We then developed a predictive/likelihood score using the FY22 givers as a sample group, with all primary household-level demographic variables and our secondary giving-related factors (R/F/M, giving velocity) as variables. The variables that had the strongest effect were gift frequency, giving in the prior fiscal year, and having a gift velocity score greater than 1. Demographic variables had little to no impact.

Mailing Segments

The following segments were created in order to determine the type of mailer a household received. In order to get these segments, metrics such as velocity (V), and the RFM score were utilized.

Segment Description
High-touch • First-time, larger donors
• Upgradeable, higher value donors, V >1
• Lapsed one year high value donors
• New donors, higher value
Low-touch • Loyal givers,lower value, retainable
No-touch • Lapsed 2+ years
• Never givers
• All others

RFM Scoring

To develop the RFM scores, we used the following scales:

Recency: (1-5 scale)

  • Based on the last fiscal year in which they made a gift, e.g. a Recency score of 5 means they last donated in FY21. Likewise a 1 means they last donated in FY17 or have not given before.

Frequency: (1-5 scale)

  • Based on the number of fiscal years in which they made a gift from FY17 to FY21.

Monetary: (1-5 scale)

  • A quintile model based on the sum of all household gifts made from FY17 to FY21. This means that the population’s giving was distributed into 5 equal groups, with the bottom 20% of the population having a score of 1 and the top 20% of the population having a score of 5.

RFM Segmentation Logic

  1. Best donors/”most engaged”: RFM of 555.
    (Recency = 5, Frequency = 5 and Monetary = 5) .These have given the most recently, the most frequently, and the highest amounts

  2. Loyal Upgrade Targets, Higher Value: RFM of 554, 553, 545, 543. These are donors who have given most recently and give frequently at medium amounts.
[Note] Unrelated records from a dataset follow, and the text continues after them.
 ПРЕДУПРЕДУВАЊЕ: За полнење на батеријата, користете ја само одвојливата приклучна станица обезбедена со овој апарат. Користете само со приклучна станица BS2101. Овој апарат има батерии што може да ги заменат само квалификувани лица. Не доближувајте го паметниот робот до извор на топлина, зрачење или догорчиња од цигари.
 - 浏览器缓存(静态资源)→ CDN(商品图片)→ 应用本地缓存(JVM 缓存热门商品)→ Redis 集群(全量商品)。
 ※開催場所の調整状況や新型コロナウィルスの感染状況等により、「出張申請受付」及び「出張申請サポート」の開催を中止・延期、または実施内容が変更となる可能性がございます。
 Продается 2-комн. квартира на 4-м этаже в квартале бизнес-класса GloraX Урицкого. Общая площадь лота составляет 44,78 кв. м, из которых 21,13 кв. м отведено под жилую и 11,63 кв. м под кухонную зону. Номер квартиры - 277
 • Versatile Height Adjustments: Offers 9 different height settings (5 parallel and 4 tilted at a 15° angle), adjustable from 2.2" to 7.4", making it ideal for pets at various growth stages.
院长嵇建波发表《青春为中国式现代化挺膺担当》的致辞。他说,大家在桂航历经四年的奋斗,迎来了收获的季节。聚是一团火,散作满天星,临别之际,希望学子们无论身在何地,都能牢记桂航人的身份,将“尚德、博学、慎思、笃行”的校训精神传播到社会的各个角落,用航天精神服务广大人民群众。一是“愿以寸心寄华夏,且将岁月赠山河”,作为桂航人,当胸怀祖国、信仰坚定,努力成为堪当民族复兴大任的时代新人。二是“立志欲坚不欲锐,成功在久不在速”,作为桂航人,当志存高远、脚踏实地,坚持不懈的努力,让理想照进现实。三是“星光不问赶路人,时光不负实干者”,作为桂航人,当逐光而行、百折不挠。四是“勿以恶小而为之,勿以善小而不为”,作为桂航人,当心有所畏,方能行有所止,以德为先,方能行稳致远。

  3. New, high value donors: RFM of 535, 534, 533, 415.
    These are newer, promising donors who have given only a few times but very recently, and they contributed larger gifts.

  4. Low value, loyal donors: RFM of 551, 552, 542, 541.
    The donors who have given recently and frequently but have not made large gifts.
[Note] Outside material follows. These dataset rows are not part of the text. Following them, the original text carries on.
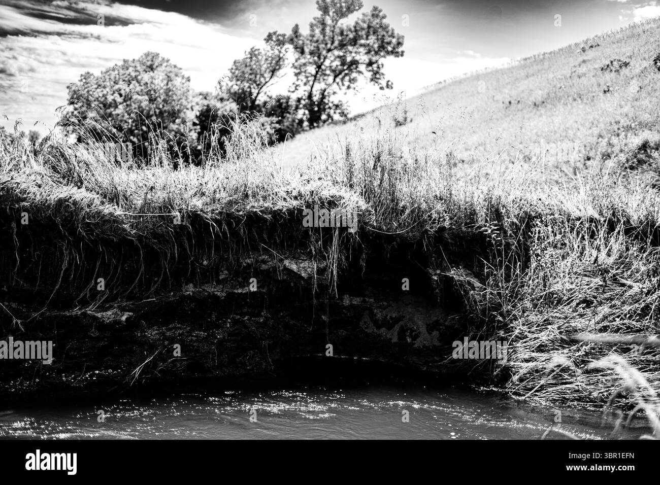 Soil erosion at drop off into a creek showing exposed roots and dirt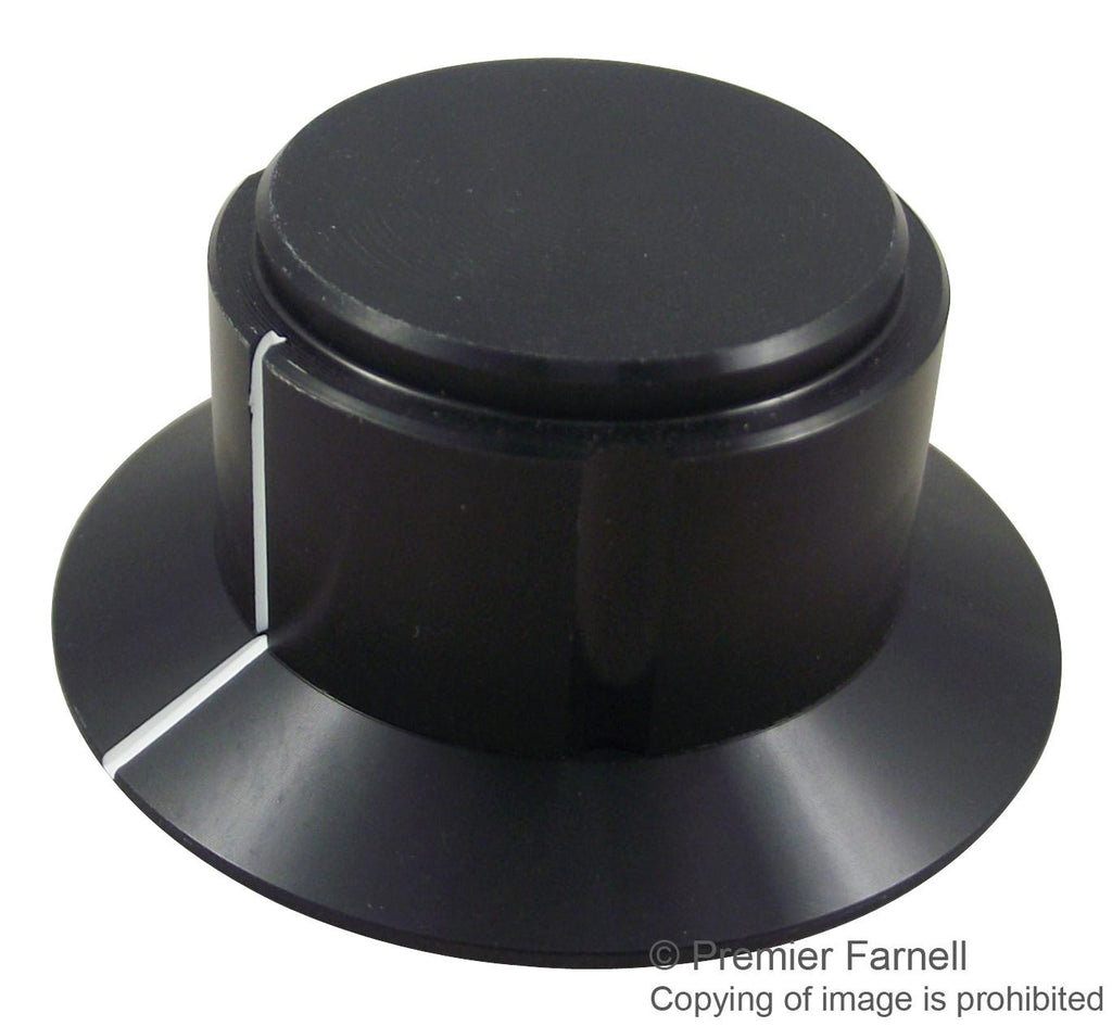 This is a Knob, Round Shaft, 6.4 mm, Aluminium, Round with Indicator Line, 35.5 mm product from MULTICOMP with the model number KB00053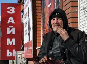 Жанровая фотография. Мужчина устоит у вывески "Займы".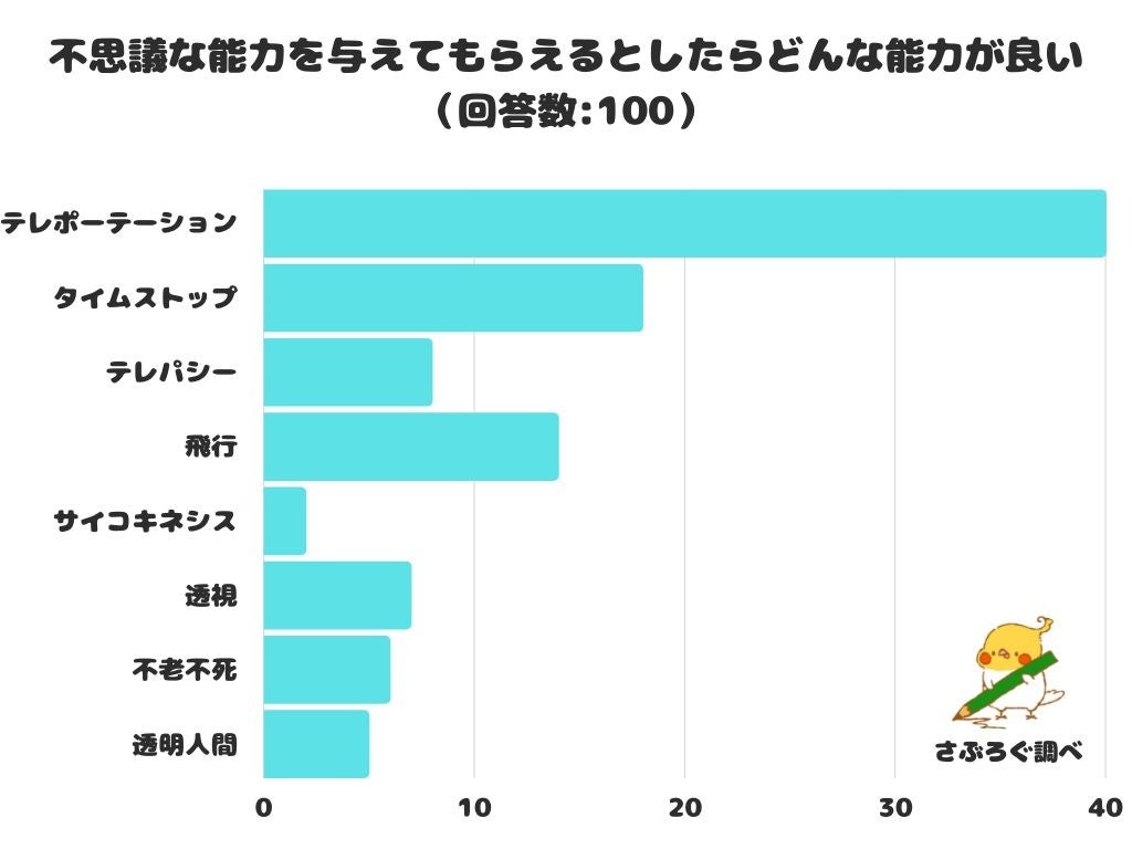 2位以降は、「タイムストップ」、「飛行」と続き、「サイコキネシス」は8位という結果になりました。

  5. Lapsed 1 year, high value: RFM of 445, 444, 443.
    Donors who give frequently and spend a lot, but it’s been one year since they’ve given.

Note: Not all possible RFM combinations were seen in this dataset. The groups were therefore based on the available combinations.

 

RFM Score Distribution - A Multifaceted Heat Map Representation


 

Velocity & Upgraded Giving

For our purposes, we calculated giving velocity at the household level as the average amount donated in the last three years divided by average amount donated in the last 5 years.
This formula gave us the most robust velocity that was consistent with giving patterns.  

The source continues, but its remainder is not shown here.